*Exercise aim:* Output the data below exactly, images excluded.

Given information below:

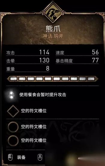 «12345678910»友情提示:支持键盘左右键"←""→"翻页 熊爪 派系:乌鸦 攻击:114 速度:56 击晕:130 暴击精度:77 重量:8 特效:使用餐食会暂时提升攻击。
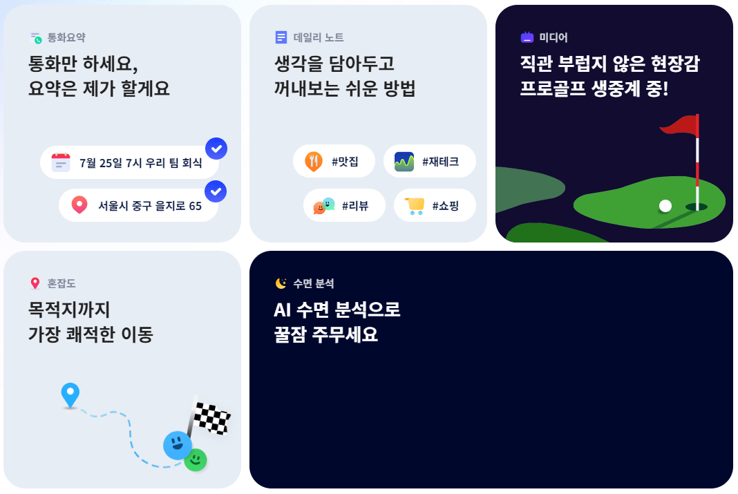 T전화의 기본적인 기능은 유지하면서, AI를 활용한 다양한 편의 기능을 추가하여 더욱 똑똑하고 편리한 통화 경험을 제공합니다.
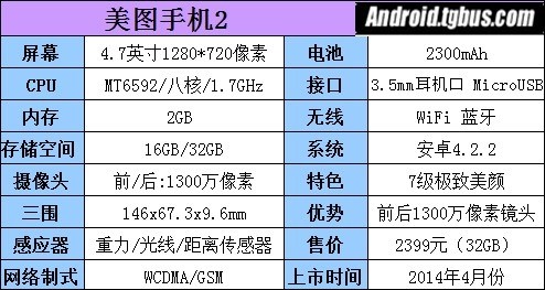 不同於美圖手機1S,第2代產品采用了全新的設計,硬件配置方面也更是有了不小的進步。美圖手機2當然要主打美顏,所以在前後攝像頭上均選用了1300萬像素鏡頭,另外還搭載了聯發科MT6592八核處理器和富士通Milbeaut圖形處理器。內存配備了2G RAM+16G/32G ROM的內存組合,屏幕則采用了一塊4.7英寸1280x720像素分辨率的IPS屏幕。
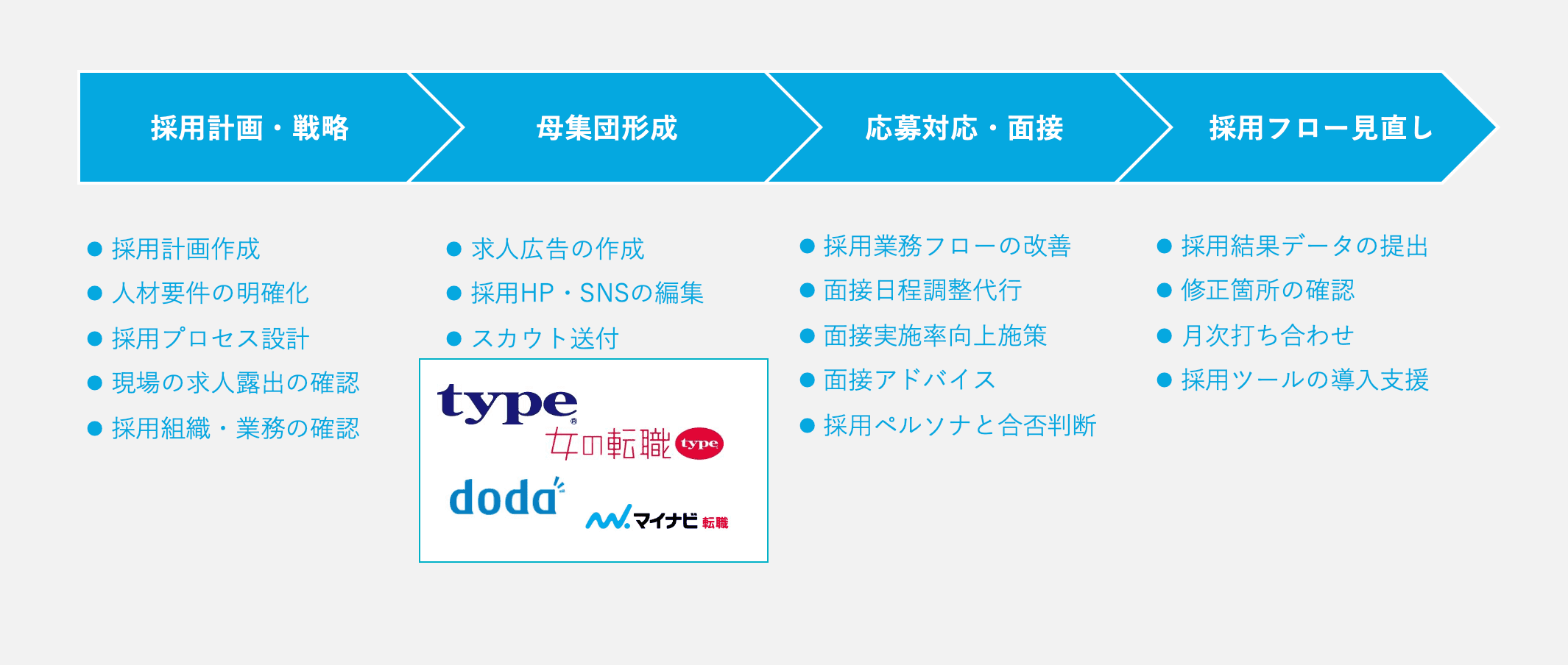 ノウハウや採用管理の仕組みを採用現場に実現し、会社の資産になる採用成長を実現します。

End of Given information.

*Result:*
 «12345678910»友情提示:支持键盘左右键"←""→"翻页 熊爪 派系:乌鸦 攻击:114 速度:56 击晕:130 暴击精度:77 重量:8 特效:使用餐食会暂时提升攻击。
 T전화의 기본적인 기능은 유지하면서, AI를 활용한 다양한 편의 기능을 추가하여 더욱 똑똑하고 편리한 통화 경험을 제공합니다.
 不同於美圖手機1S,第2代產品采用了全新的設計,硬件配置方面也更是有了不小的進步。美圖手機2當然要主打美顏,所以在前後攝像頭上均選用了1300萬像素鏡頭,另外還搭載了聯發科MT6592八核處理器和富士通Milbeaut圖形處理器。內存配備了2G RAM+16G/32G ROM的內存組合,屏幕則采用了一塊4.7英寸1280x720像素分辨率的IPS屏幕。
 ノウハウや採用管理の仕組みを採用現場に実現し、会社の資産になる採用成長を実現します。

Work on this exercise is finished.